In April, the Conservation Leadership Programme (CLP) announced the winners of its 2022 Team Awards, which will provide support for 23 teams of early-career conservationists leading projects on globally threatened species. These local biodiversity champions will receive project funding worth a combined total of USD 456,077, thanks to support from Arcadia—a charitable fund of Lisbet Rausing and Peter Baldwin—and the March Conservation Fund.
One member from each award-winning team is invited to attend the CLP Conservation Leadership & Management workshop. This year, this course is in a hybrid format, with the first part having taken place virtually, in July, and the second part tentatively planned to take place in-person, in October. As in previous years, the workshop offers training in essential topics for professional conservationists, enabling them to build on the knowledge and skills that will underpin their future careers as conservation leaders. By bringing participants together from around the world, the workshop provides an opportunity to form valuable connections with other early-career conservationists. Winning a CLP award also gives each team access to the CLP alumni network, which offers further opportunities for funding, training, mentoring and knowledge exchange.
This year's award-winning projects include seven Continuation Awards granted to CLP alumni, allowing them to scale up their past CLP projects: two Leadership Awards (c. USD 50,000 each) and five Follow-Up Awards (c. USD 25,000 each). Sixteen Future Conservationist Awards (c. USD 15,000 each) have been granted to teams of early-career conservationists. There are nine projects in Latin America and the Caribbean, seven in Africa, and seven in Asia and the Pacific.

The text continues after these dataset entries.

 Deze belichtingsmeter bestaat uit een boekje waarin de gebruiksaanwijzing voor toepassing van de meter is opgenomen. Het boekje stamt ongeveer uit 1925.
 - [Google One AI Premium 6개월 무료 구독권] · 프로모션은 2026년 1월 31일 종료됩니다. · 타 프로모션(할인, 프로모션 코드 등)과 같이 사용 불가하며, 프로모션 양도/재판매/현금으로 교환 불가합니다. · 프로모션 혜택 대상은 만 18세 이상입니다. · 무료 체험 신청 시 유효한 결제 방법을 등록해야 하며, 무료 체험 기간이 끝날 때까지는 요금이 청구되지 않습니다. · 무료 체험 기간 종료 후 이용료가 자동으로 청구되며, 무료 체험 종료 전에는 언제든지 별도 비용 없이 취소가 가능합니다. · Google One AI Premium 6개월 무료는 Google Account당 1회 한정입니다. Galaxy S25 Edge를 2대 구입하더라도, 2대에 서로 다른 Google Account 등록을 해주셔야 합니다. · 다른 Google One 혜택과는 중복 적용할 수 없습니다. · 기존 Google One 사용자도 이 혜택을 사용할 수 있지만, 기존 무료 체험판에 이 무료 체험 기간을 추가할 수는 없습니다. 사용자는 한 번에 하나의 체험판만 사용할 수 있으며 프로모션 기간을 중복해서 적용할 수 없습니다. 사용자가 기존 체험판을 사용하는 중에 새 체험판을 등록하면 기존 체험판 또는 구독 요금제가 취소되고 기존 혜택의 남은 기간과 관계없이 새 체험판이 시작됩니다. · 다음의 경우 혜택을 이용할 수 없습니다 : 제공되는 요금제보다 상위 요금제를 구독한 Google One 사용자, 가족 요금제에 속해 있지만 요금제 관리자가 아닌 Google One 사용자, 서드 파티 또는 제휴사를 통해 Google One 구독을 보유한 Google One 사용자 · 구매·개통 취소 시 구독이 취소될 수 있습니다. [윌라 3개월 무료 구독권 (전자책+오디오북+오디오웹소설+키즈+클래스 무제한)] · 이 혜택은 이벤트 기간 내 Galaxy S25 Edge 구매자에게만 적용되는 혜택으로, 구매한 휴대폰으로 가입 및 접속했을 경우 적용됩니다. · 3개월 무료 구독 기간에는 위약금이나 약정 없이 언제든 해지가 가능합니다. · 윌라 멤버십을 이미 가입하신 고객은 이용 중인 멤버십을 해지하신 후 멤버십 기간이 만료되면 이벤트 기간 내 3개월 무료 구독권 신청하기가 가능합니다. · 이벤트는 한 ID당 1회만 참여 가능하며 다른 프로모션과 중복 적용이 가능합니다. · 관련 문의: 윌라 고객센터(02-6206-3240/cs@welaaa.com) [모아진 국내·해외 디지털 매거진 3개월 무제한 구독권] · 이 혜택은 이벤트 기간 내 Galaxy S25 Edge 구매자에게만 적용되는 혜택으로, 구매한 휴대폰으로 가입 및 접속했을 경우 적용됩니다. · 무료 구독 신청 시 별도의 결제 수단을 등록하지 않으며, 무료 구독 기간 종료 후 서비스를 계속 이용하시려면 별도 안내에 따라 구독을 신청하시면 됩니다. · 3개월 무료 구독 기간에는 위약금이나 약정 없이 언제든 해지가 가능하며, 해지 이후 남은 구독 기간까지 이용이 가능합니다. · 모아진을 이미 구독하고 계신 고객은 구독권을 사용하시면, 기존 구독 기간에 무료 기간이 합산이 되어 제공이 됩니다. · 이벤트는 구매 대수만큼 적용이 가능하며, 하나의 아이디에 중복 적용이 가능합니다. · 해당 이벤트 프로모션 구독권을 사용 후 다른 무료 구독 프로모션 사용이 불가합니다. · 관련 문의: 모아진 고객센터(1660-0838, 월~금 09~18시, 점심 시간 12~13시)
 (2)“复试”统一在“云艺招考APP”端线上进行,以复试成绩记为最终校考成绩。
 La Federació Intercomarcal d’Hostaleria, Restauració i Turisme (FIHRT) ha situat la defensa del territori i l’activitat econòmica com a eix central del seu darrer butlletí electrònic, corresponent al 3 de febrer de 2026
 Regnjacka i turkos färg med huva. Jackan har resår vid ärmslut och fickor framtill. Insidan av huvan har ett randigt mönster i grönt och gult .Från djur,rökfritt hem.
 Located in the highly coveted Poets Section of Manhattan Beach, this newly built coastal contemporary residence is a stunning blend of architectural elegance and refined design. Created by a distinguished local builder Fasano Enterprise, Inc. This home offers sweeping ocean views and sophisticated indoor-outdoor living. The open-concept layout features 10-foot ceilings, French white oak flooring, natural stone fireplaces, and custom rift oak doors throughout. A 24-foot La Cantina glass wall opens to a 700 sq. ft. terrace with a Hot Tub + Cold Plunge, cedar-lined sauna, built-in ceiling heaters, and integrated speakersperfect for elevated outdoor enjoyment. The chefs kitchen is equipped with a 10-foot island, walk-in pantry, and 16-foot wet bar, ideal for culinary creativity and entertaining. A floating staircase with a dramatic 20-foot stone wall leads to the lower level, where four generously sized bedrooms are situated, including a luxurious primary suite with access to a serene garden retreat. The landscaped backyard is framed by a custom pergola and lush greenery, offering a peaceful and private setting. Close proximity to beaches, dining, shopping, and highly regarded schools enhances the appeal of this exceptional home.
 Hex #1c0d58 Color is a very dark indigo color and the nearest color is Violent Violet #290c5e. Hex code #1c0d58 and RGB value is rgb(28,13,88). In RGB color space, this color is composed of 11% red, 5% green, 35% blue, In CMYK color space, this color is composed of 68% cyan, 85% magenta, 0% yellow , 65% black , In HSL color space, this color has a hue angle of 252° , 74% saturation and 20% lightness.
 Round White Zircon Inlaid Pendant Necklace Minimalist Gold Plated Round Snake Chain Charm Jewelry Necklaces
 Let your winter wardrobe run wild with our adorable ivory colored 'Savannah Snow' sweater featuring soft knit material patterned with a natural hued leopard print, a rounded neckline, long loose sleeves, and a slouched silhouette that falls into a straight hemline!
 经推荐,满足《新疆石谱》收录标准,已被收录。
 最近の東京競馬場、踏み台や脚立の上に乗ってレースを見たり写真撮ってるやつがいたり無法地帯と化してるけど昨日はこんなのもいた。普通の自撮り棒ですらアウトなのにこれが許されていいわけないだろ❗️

The successful teams will undertake research and practical conservation action to conserve a range of threatened species, many of which are categorized as threatened on the IUCN Red List. These include the red siskin Carduelis cucullata in Guyana, giant squeaker frog Arthroleptis krokosua and giant guitarfishes Rhynchobatus luebberti and Glaucostegus cemiculus in Ghana, Maire's yew tree Taxus mairei in Nepal, and gharial Gavialis gangeticus in India.
CLP was able to fund two of the Future Conservationist Awards this year thanks to support from the March Conservation Fund, secured through BirdLife International. One of these projects will focus on reconciling the expansion of oil palm plantations with the conservation of the Endangered grey parrot Psittacus erithacus in Nigeria, and the other seeks to explore the threats facing the Critically Endangered Bengal florican Houbaropsis bengalensis in the Koshi Tappu Wildlife Reserve, Nepal. To view a full list of the projects, visit conservationleadershipprogramme.org/our-projects/latest-projects-2022.
CLP was initiated in 1985 and is a partnership between BirdLife International, Fauna & Flora International and the Wildlife Conservation Society.